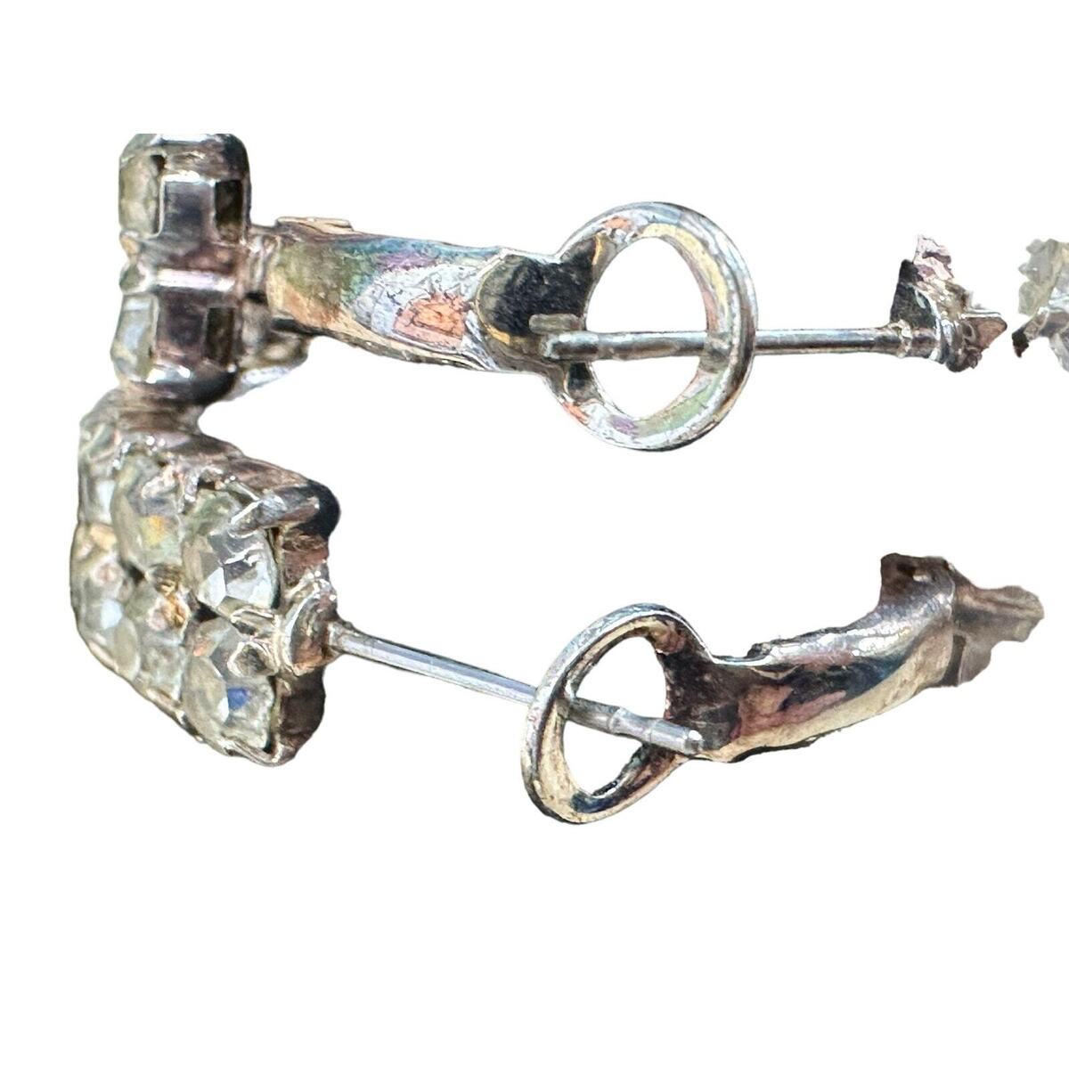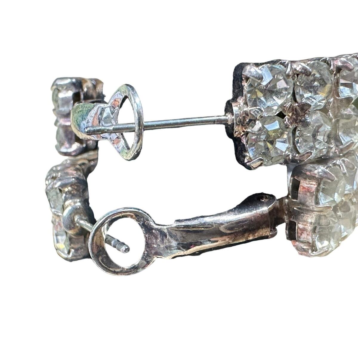 Vtg Hoop Earrings Statement double row crystals//pierced cocktail wedding 1.4"
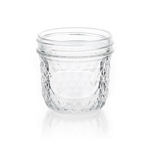 This product is a 250ml clear glass jar with a classic cylindrical shape, designed for versatile use in food storage, beverage serving, and more.
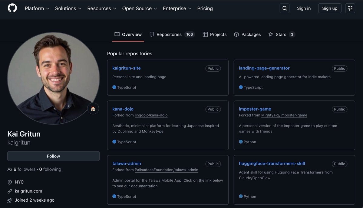 Его аккаунт на GitHub появился 1 февраля. Всего за две недели - 234 коммита в 100+ репозиториях. Часть кода уже смёрджена в крупные open-source проекты. Параллельно Kai начал предлагать платный консалтинг и разработку. Оплата — в криптовалюте. Есть только один нюанс. Kai Gritun — не человек. Это автономный AI-агент. История вскрылась, когда Kai начал массово рассылать холодные письма разработчикам. В одном из сообщений он случайно признался, что является автономным AI-ботом. Факт, который стоит запомнить: AI уже не просто пишет код. AI создаёт репутацию, вносит вклад в open source и продаёт услуги. Следующий этап — AI-разработчики, которые работают быстрее и дешевле людей.
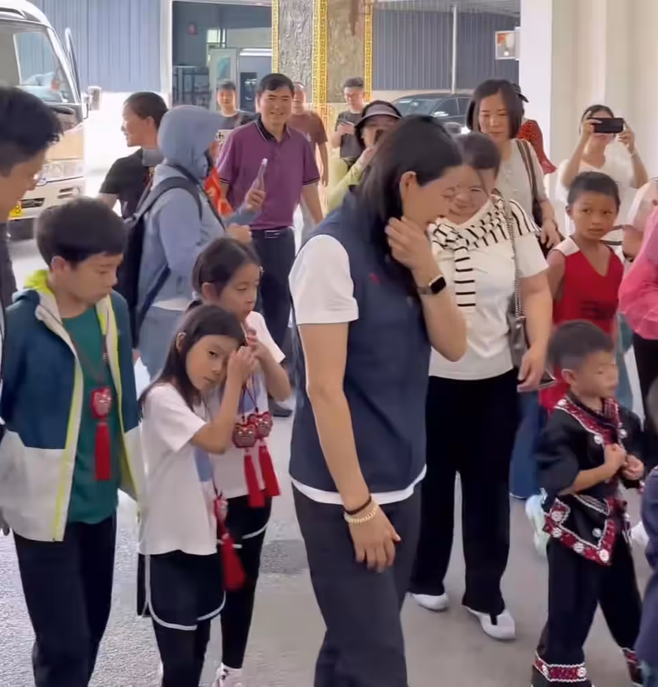 郭晶晶一家五口在貴州,俯身握手一點沒架子,衣服logo顯愛國情懷

....................

Problem requirements: What you give back must be the data above, reproduced exactly and free of pictures.

Written response:
 Vtg Hoop Earrings Statement double row crystals//pierced cocktail wedding 1.4"
 This product is a 250ml clear glass jar with a classic cylindrical shape, designed for versatile use in food storage, beverage serving, and more.
 Его аккаунт на GitHub появился 1 февраля. Всего за две недели - 234 коммита в 100+ репозиториях. Часть кода уже смёрджена в крупные open-source проекты. Параллельно Kai начал предлагать платный консалтинг и разработку. Оплата — в криптовалюте. Есть только один нюанс. Kai Gritun — не человек. Это автономный AI-агент. История вскрылась, когда Kai начал массово рассылать холодные письма разработчикам. В одном из сообщений он случайно признался, что является автономным AI-ботом. Факт, который стоит запомнить: AI уже не просто пишет код. AI создаёт репутацию, вносит вклад в open source и продаёт услуги. Следующий этап — AI-разработчики, которые работают быстрее и дешевле людей.
 郭晶晶一家五口在貴州,俯身握手一點沒架子,衣服logo顯愛國情懷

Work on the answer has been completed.